* [INFORMATION PROVIDED]:
++++++

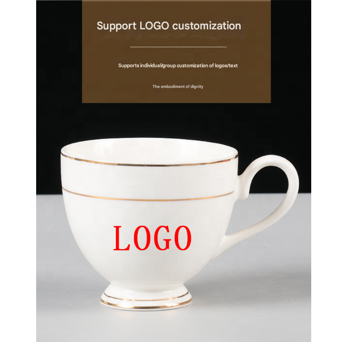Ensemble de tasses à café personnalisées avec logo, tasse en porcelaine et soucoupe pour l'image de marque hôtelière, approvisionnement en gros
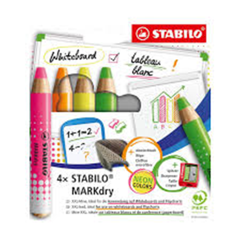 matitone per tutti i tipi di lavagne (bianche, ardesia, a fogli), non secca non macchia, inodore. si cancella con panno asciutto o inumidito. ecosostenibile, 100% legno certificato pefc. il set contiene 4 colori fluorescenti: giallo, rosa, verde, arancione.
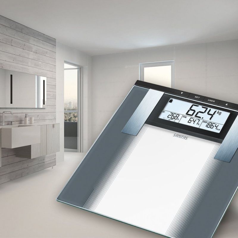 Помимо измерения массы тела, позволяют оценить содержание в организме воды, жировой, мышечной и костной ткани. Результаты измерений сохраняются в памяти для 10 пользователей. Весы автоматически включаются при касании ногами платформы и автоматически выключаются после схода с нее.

++++++

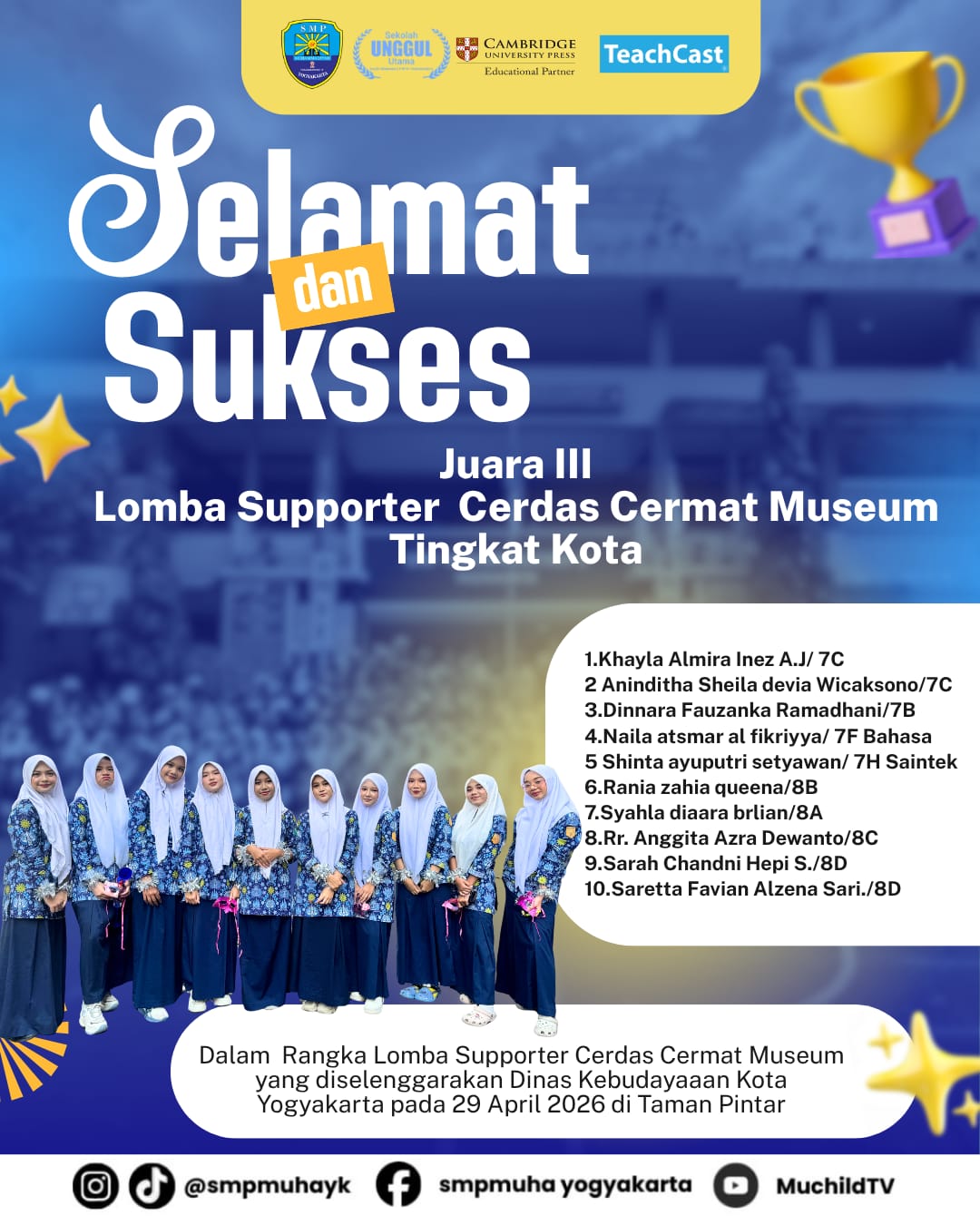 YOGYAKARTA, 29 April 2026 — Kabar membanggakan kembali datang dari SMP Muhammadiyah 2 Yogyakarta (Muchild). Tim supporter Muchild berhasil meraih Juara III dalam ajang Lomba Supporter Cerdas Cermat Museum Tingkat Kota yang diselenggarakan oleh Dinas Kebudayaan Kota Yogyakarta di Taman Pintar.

++++++

* [WHAT TO DO]:
Above are some records; quote exactly and only the lines that begin at the line containing "Ensemble de tasses" and stop after the line containing "matitone per tutti", leaving out the pictures.

* [RESPONSE]:
Ensemble de tasses à café personnalisées avec logo, tasse en porcelaine et soucoupe pour l'image de marque hôtelière, approvisionnement en gros
 matitone per tutti i tipi di lavagne (bianche, ardesia, a fogli), non secca non macchia, inodore. si cancella con panno asciutto o inumidito. ecosostenibile, 100% legno certificato pefc. il set contiene 4 colori fluorescenti: giallo, rosa, verde, arancione.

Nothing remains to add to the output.